La parola che procede su un letto di energia costante non indulge su aspetti morbosi, né
mai violenti. Al contrario è tutto in un soffio, il soffio di uno spirito femminile che evoca una
dimensione di delicata sensualità e di un erotismo che parrebbe carico di sentimento oltre
che di emotività. Quanto sembra meravigliosamente legittimo e giusto seguire un corso
tanto lineare, tanto fluido verso il raggiungimento del proprio piacere quando la parola di
Anais Nin incontra nella Chiaradia la sua sacerdotessa in carne e ossa.

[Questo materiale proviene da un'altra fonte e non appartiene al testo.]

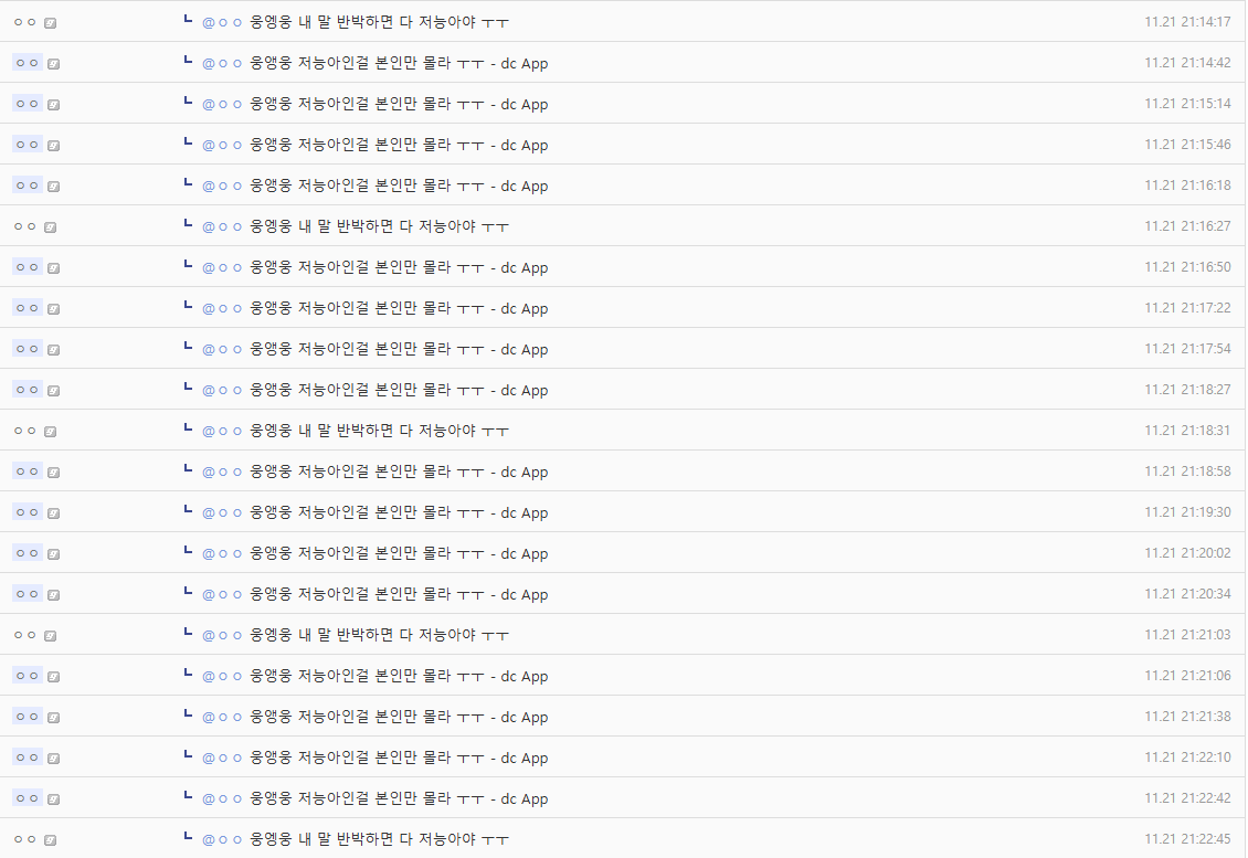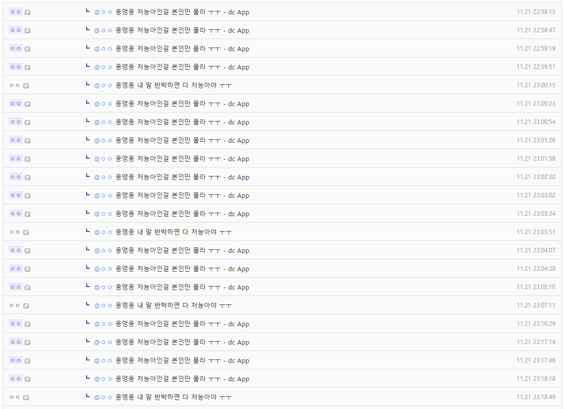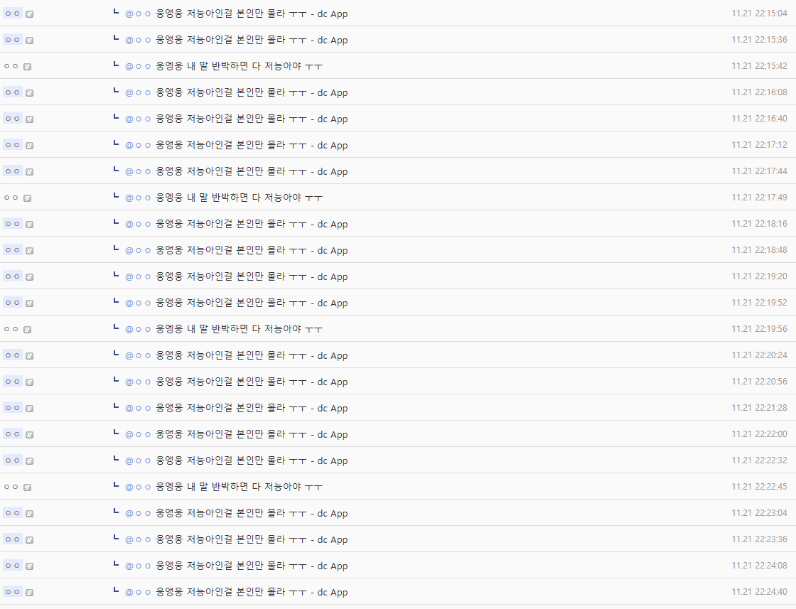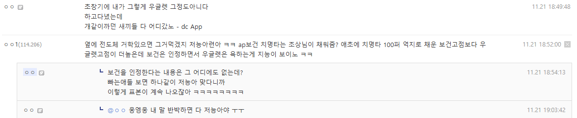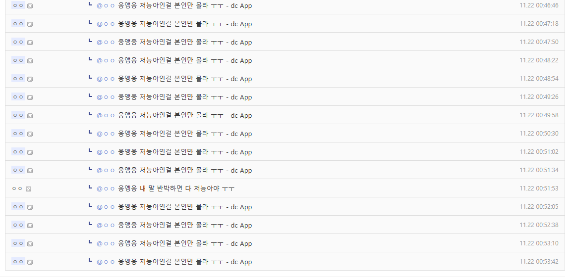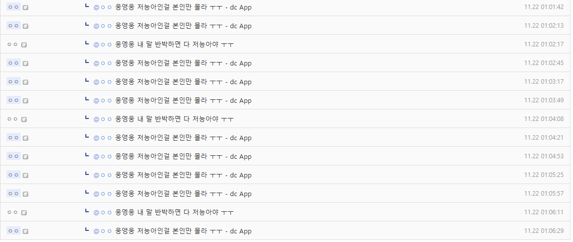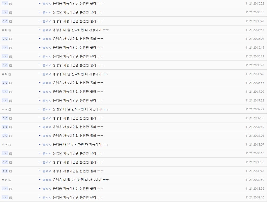 그리고 다른 사람도 다시 "웅앵웅 내 말 반박하면 다 저능아야 ㅜㅜ"로 응수

Jelly Chiaradia è uno spirito alfabetizzante che propone una forma di lettura che è un
incantesimo, a tratti una filastrocca, il soffio di un vento che trascina noi e Linda da un
corpo a un altro. L’interpretazione nella lettura non richiede alcuna spiegazione. Ogni
elemento presente nella narrazione rivendica un proprio slancio, la propria ragione di
esistere a prescindere da ogni giustificazione. Quando giunge alla fine della sua malia la
Chiaradia prende la bottiglia e percuotendola ritmicamente con il mallet si accompagna in
un’Ave Maria che sfuma i contorni di quel racconto come a chiudere col buio in sala. L’Ave
Maria come una ninna nanna che esalta l’illusione di quanto visto e udito, la sua natura
inafferrabile di un sonoro vento femminile.